You can develop the most amazing product, but if it's too expensive no one will buy it.
By the same logic, if your product is cheaper than the existing option, regardless of whether there is a great difference in performance, it is quite likely to sell well.
One critical technology that has been particularly limited by cost is solar power. Solar energy is plentiful, free and a far better alternative to the fossil fuels that are blamed for global climate change.
But still it accounts for only a tiny slice of the world's energy; less than one per cent, compared with more than 80 per cent from coal, oil and gas. A major reason has been the cost of the materials needed to harvest and store solar energy, most of which require extensive, expensive and sensitive processing.
One possible way of bringing the cost down would be to replace those high-intensity materials with others that are more readily available.

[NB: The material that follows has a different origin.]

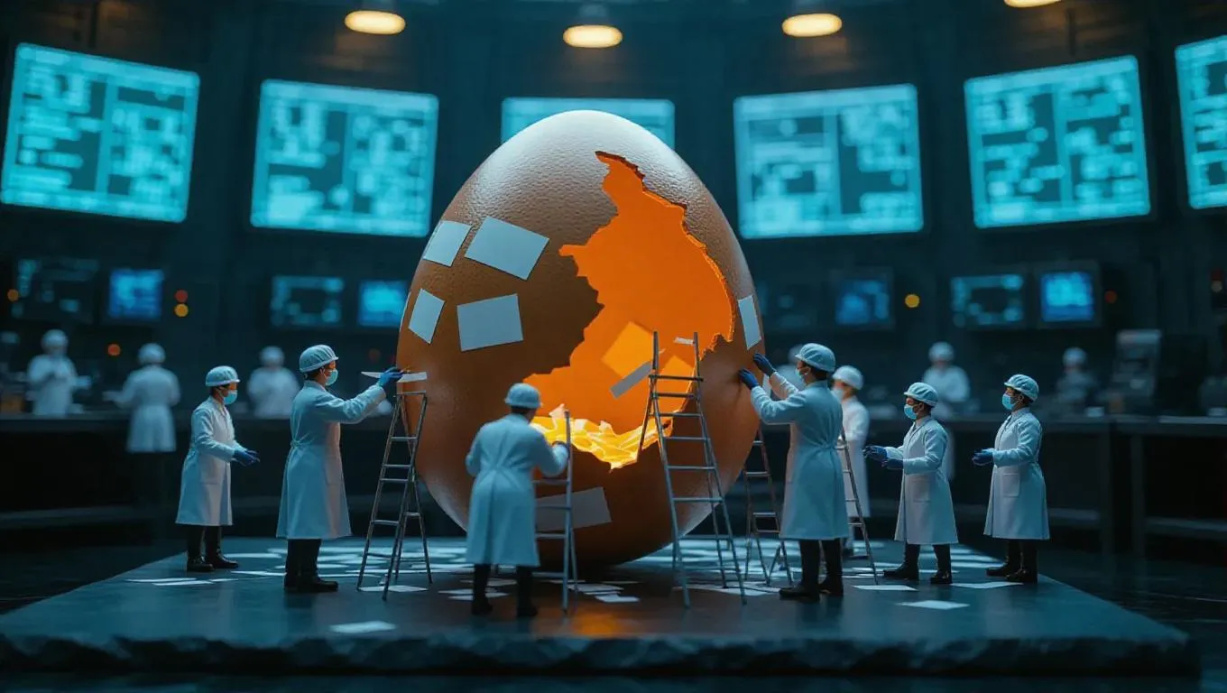 The large cracked egg on the slate surface is the focal point as tiny workers in lab coats climb ladders, meticulously placing bandages over the broken shell. Some workers hold the bandages in place while others smooth them out. A few are on the ground, cutting new bandage strips and passing them up. The camera pans slowly from the ground level to the top of the egg, capturing the detailed and steady pace of their teamwork in repairing the egg. The scene is set in a high-tech laboratory with glowing screens, creating a futuristic and innovative atmosphere.

Scientists at the Masdar Institute, in collaboration with others at the Massachusetts Institute of Technology, have been looking at ways to integrate organic materials and nanomaterials into solar cells to create an efficient and cost-effective alternative to silicon-based cells.
Organic materials - plastics, polymers and other small molecules - are based on carbon, which is much cheaper and more readily available than the inorganic conductors - primarily silicon and copper - used in conventional electronics.
Carbon can be made into nanotubes, tiny tubes just one or two millionths of a millimetre across and maybe six to ten millionths of a millimetre long. These tubes transfer electrons efficiently - giving them great potential for the capture and transfer of solar energy.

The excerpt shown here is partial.